Casper Hyltoft

Personal information
- Date of birth: July 12, 1993 (age 31)
- Position(s): Midfielder

Team information
- Current team: Vanløse IF

Youth career
- 2011: Brøndby IF U19
- Esbjerg fB

Senior career*
- Years: Team / Apps / (Gls)
- 2012–2013: Frederikssund IK
- 2014: BK Søllerød-Vedbæk
- 2014–: Vanløse IF

= Casper Hyltoft =

Danish footballer (born 1993)

Casper Hyltoft (born 12 July 1993) is a Danish former professional football player, who is now playing football tennis in KFIF. Casper has been representing Fodtennis Danmark, which is the Danish National Team in football tennis, since 2020.
Casper won the Danish National Championship in the categories of double and triple in 2022.

==Youth career==
Hyltoft had started his youth career playing for Brøndby and played for the Esbjerg fB.

===Nike Chance===
Hyltoft was one of seven talented young players from Denmark selected to compete in the Nike Chance trials event in Zeist, Netherlands.

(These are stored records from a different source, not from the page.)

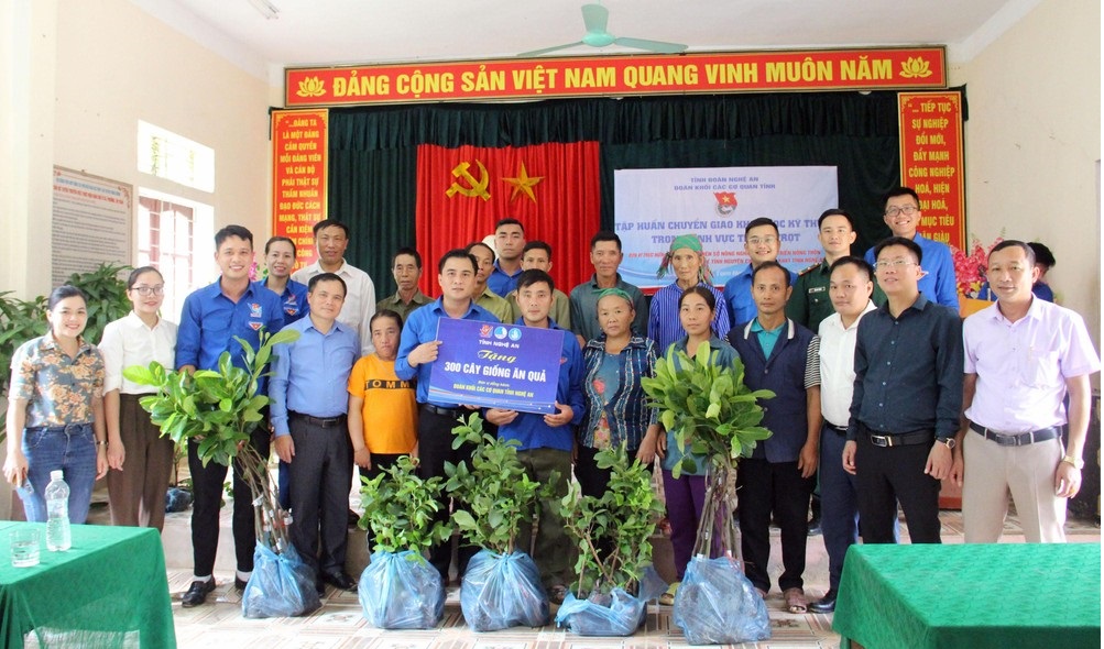 Kết thúc buổi tập huấn, đoàn thanh niên của Sở Nông nghiệp và Phát triển nông thôn đã trao tặng 300 giống cây ăn quả gồm ổi, xoài, mít để bà con xóa vườn tạp, cải tạo diện tích đồi để phát triển các giống cây trồng có chất lượng cao.
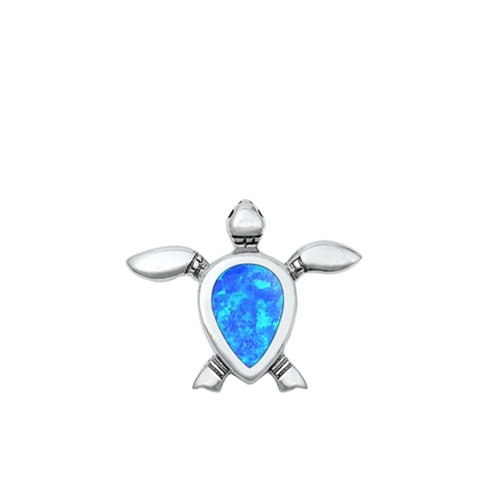 Sterling Silver Fashion Blue Lab Opal Sea Turtle Pendant Polished Charm .925 New
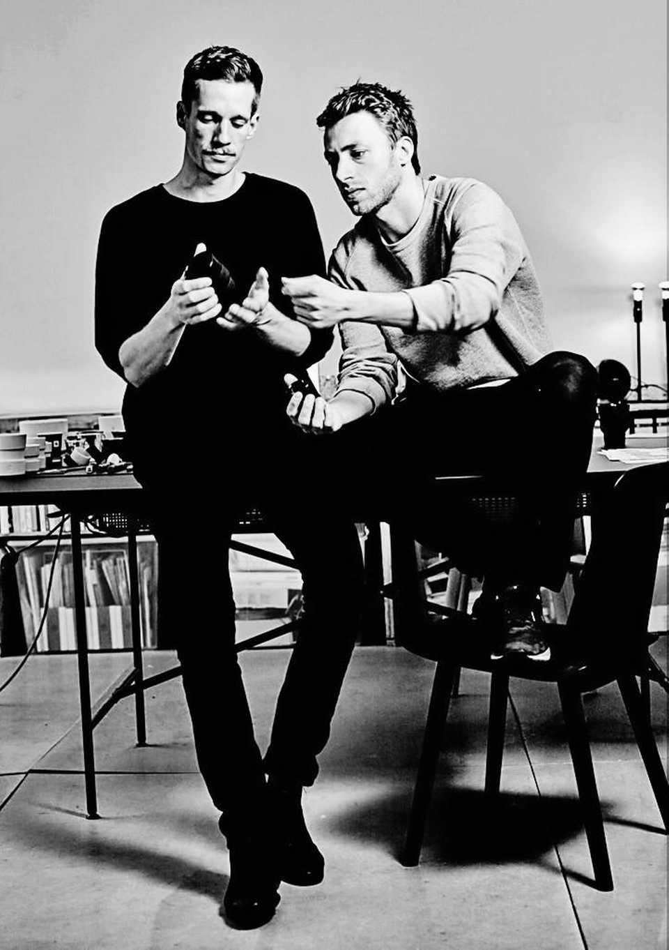 Koppernes kulsorte porcelæn er belagt med blød silikone på den nederste del, hvor man holder på koppen. Materialemikset er noget af det, den opkommende designduo, der også har designet for det danske superbrand Muuto, især er kendt for. Det er det, der kendetegner deres design: blandingen af teksturer og materialer – en af tidens helt store tendenser generelt på designscenen.
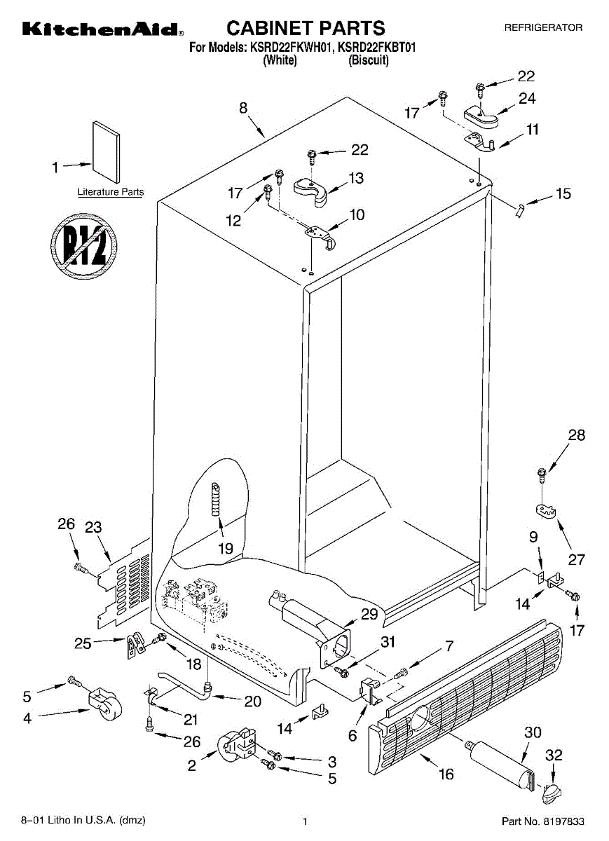 Parts for Kitchenaid KSRD22FKBT01: 01 - Cabinet, Literature Parts
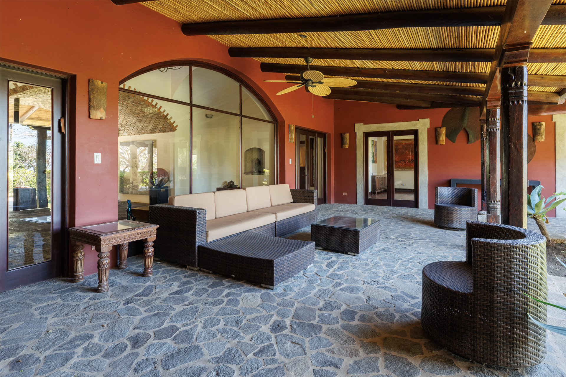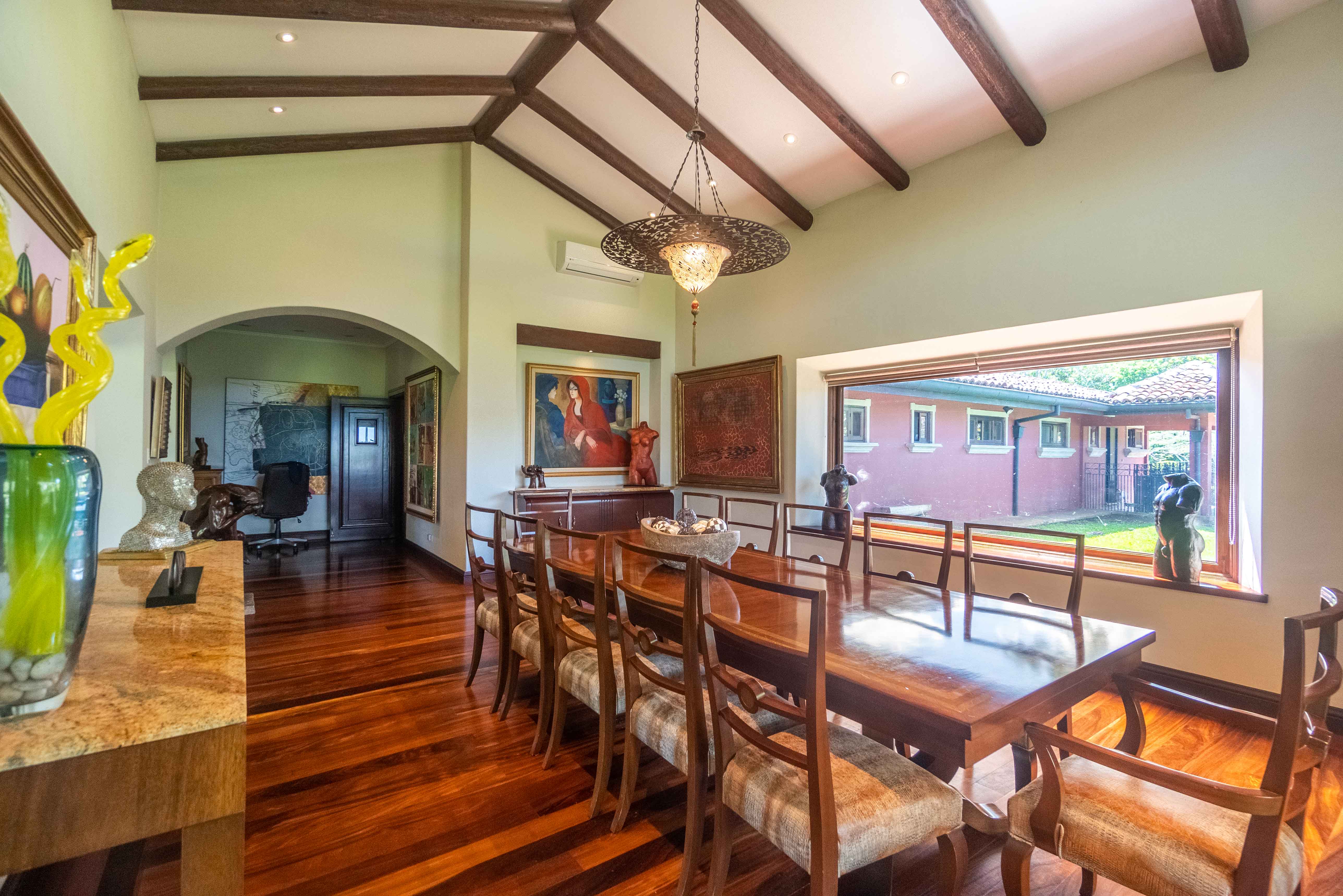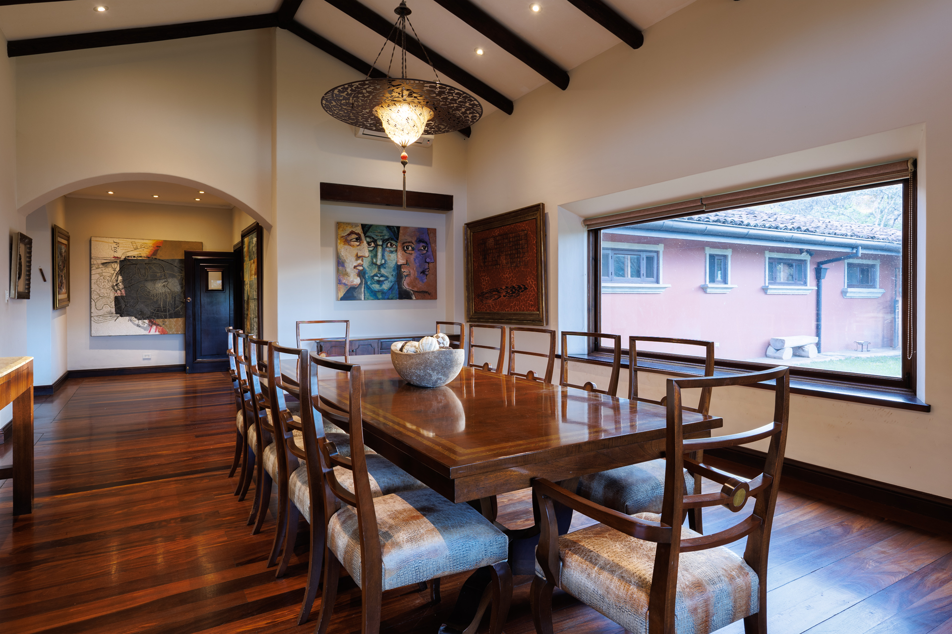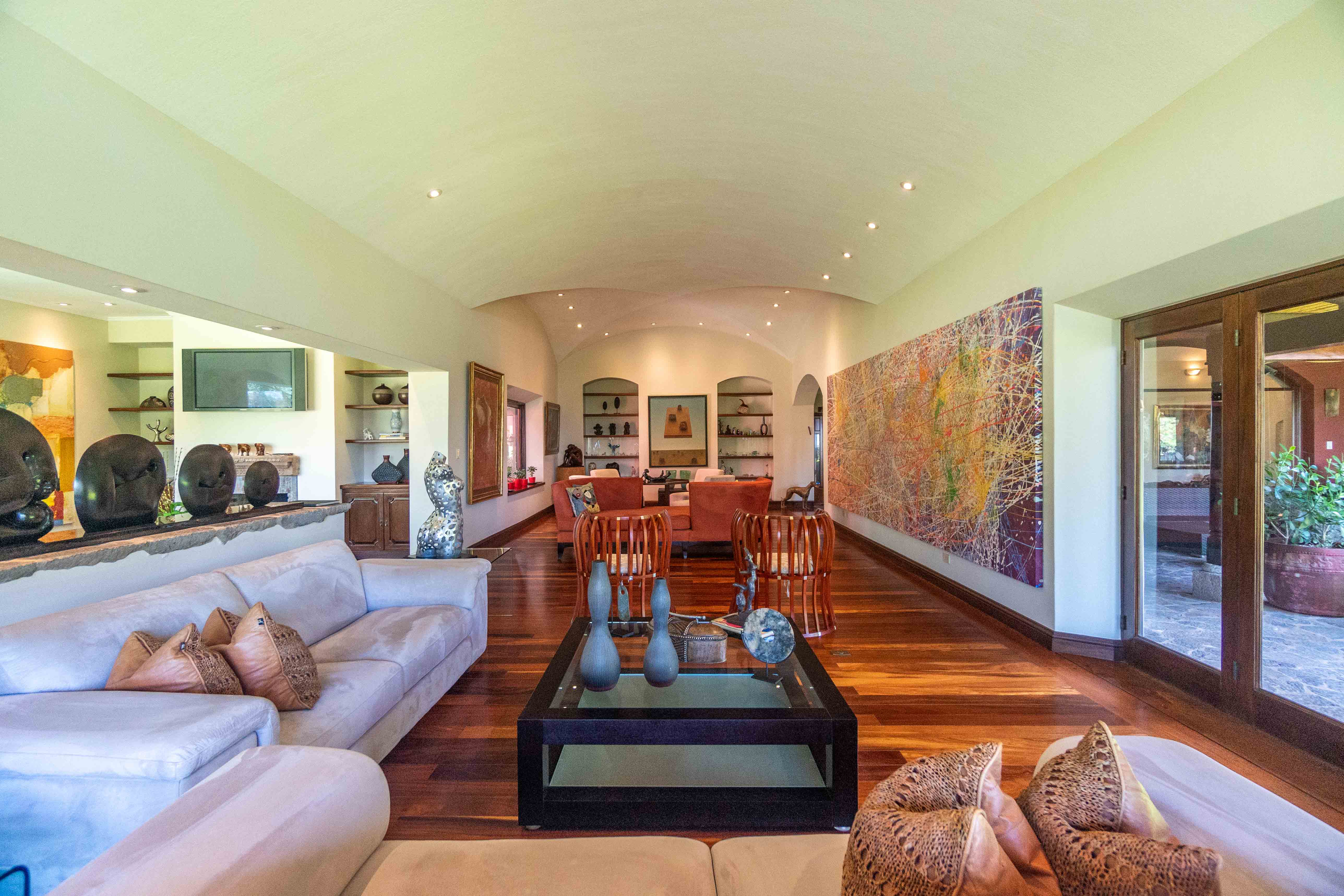 The architectural design pays homage to timeless Spanish colonial tradition, featuring terracotta roof tiles, vaulted ceilings, and artisan-crafted finishes throughout. Interiors flow effortlessly through a central courtyard and elegant hallways finished with stone, wood, and ironwork, each space revealing meticulous craftsmanship. The villa's main living areas are bright and open, framed by floor to ceiling windows and doors that invite nature inward. Wide corridors and gallery-style walls serve as the perfect canvas for a curated art collection, while warm hardwood floors and exposed beams create an atmosphere of elegance and comfort.
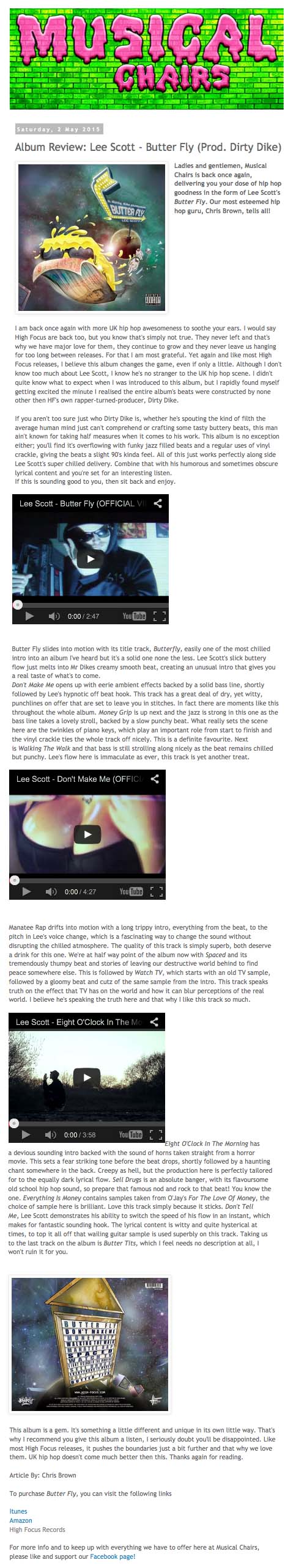 Lee Scott – ‘Butter Fly’ (Prod. Dirty Dike) – Musical Chairs Album Review High Focus2015-05-05T11:26:46+00:00May 5th, 2015|Dirty Dike, Lee Scott, Press| http://musical-chairs-blog.blogspot.co.uk/2015/05/album-review-lee-scott-butter-fly-prod.html
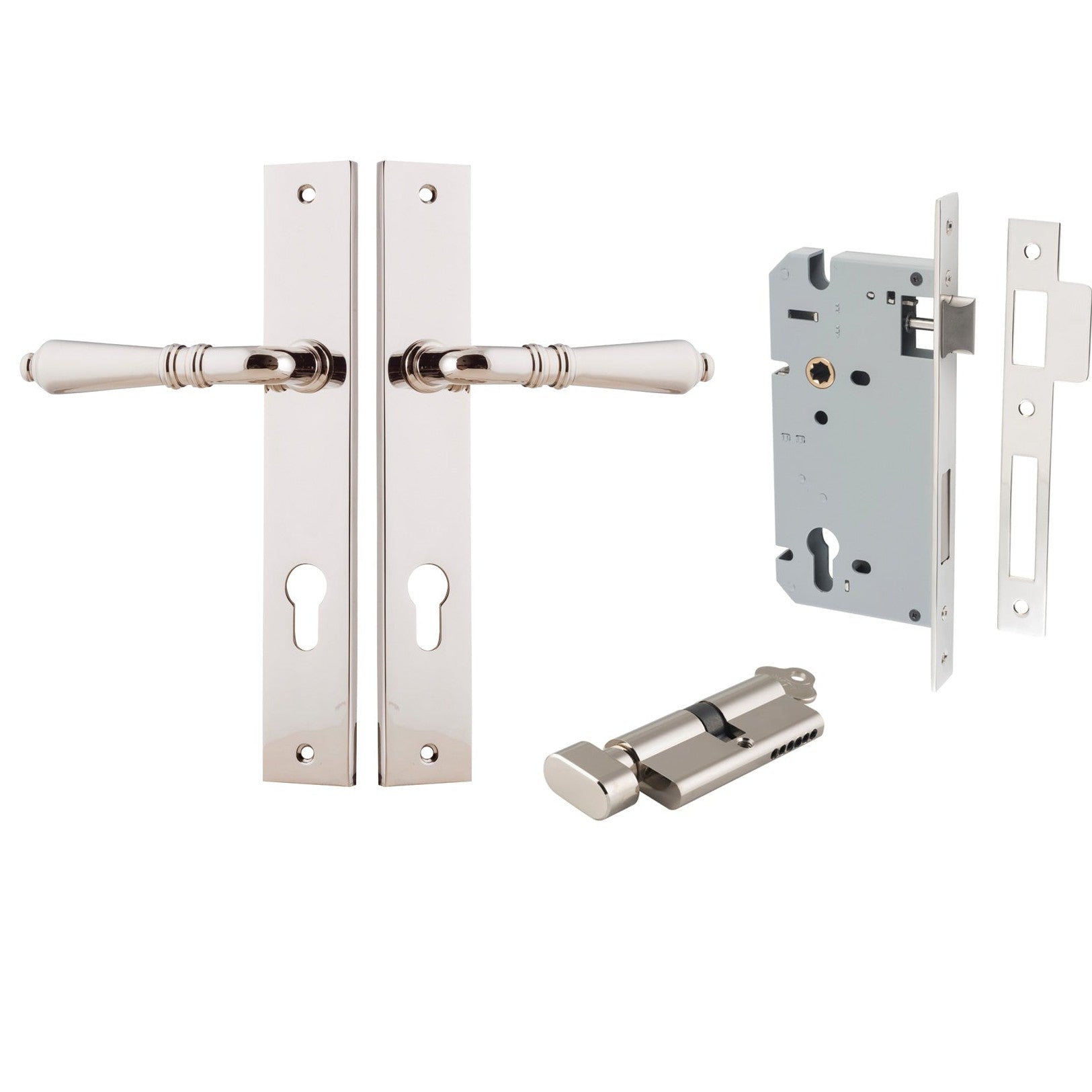 Iver Door Handle Sarlat Rectangular Euro Key/Thumb Polished Nickel Entrance Kit
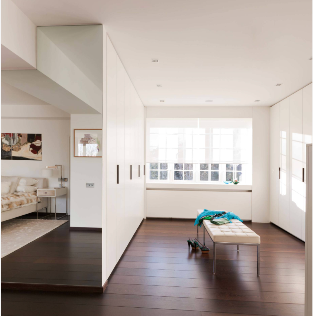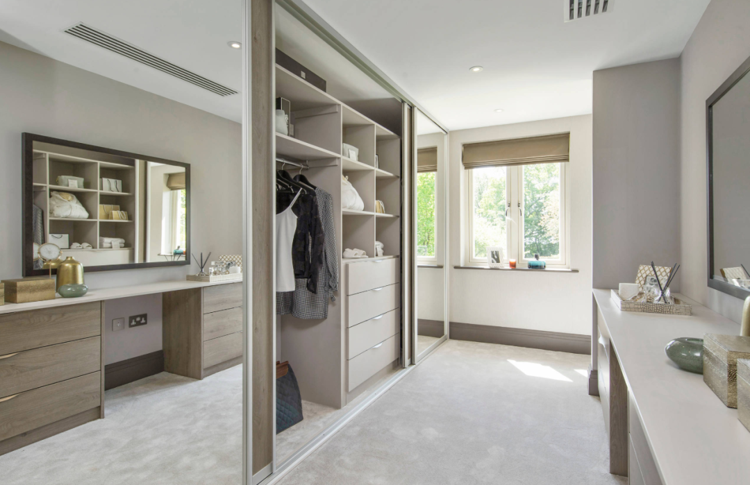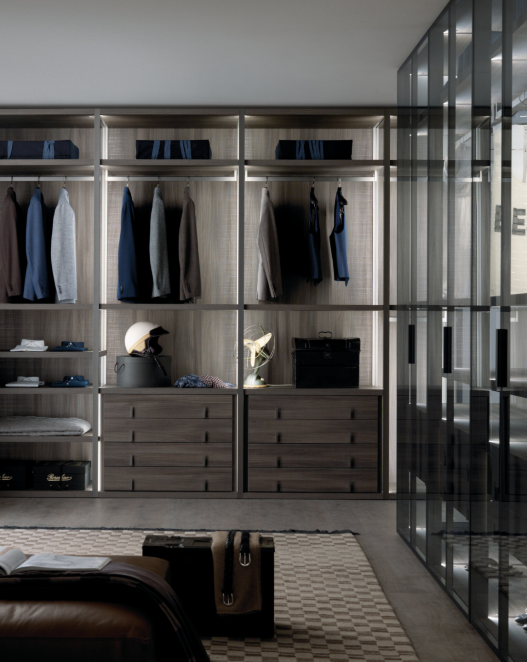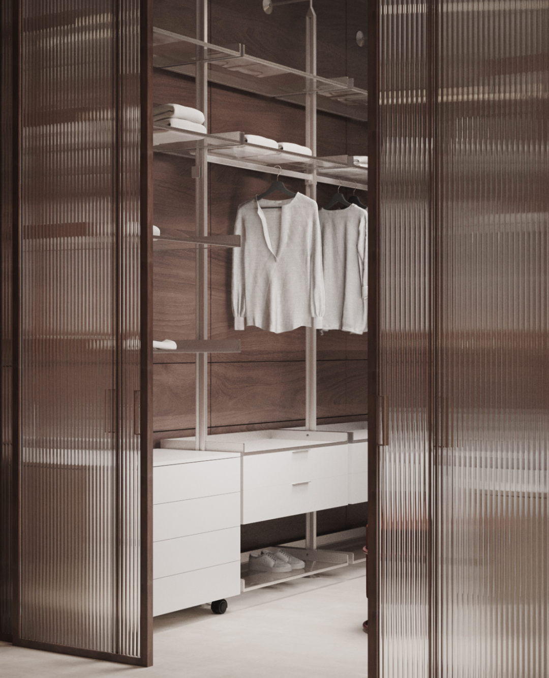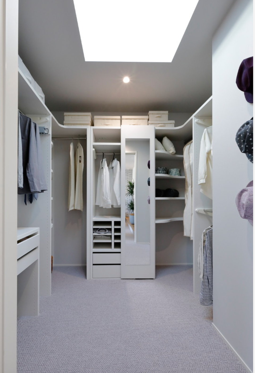 衣帽间如果选用木质衣柜极易受潮,如果潮气进入柜体,时间久了会导致柜子变形。因此,衣帽间门板最好选择防潮性好的耐磨板以及高分子聚合板作为材料。
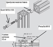 На правом ресунке (пост №18) крепление состоит из направляющей вставки (корторая центрует 2а профиля и болта М16 длинной 100мм. В профеле отверстия внутренние сделанны 13,7мм (помоему) как раз под нарезку резьбы М16. Вот туда он и вкручивается стягивая две детали.

Hyltoft was not selected after losing out to fellow countryman, Claus Hennie.

==Club career==
===Frederikssund IK===
Hyltoft scored one goal in three games in the 2012–13 Danish Cup after going 1–2 in a first round elimination.

==International career==
===Haiti national U-23===
Hyltoft is currently exploring the prospect of joining the Haiti national under-23 football team in hopes of qualifying for 2016 Rio Olympics, as he would be edible to play by way of his mother, who is native of Haiti.

===The World Cup in Romania===
Casper represented Fodtennis Danmark at the World Cup in Romania 2021.

===The European Championship in Turkey===
Casper represented Fodtennis Danmark at the European Championship 2022.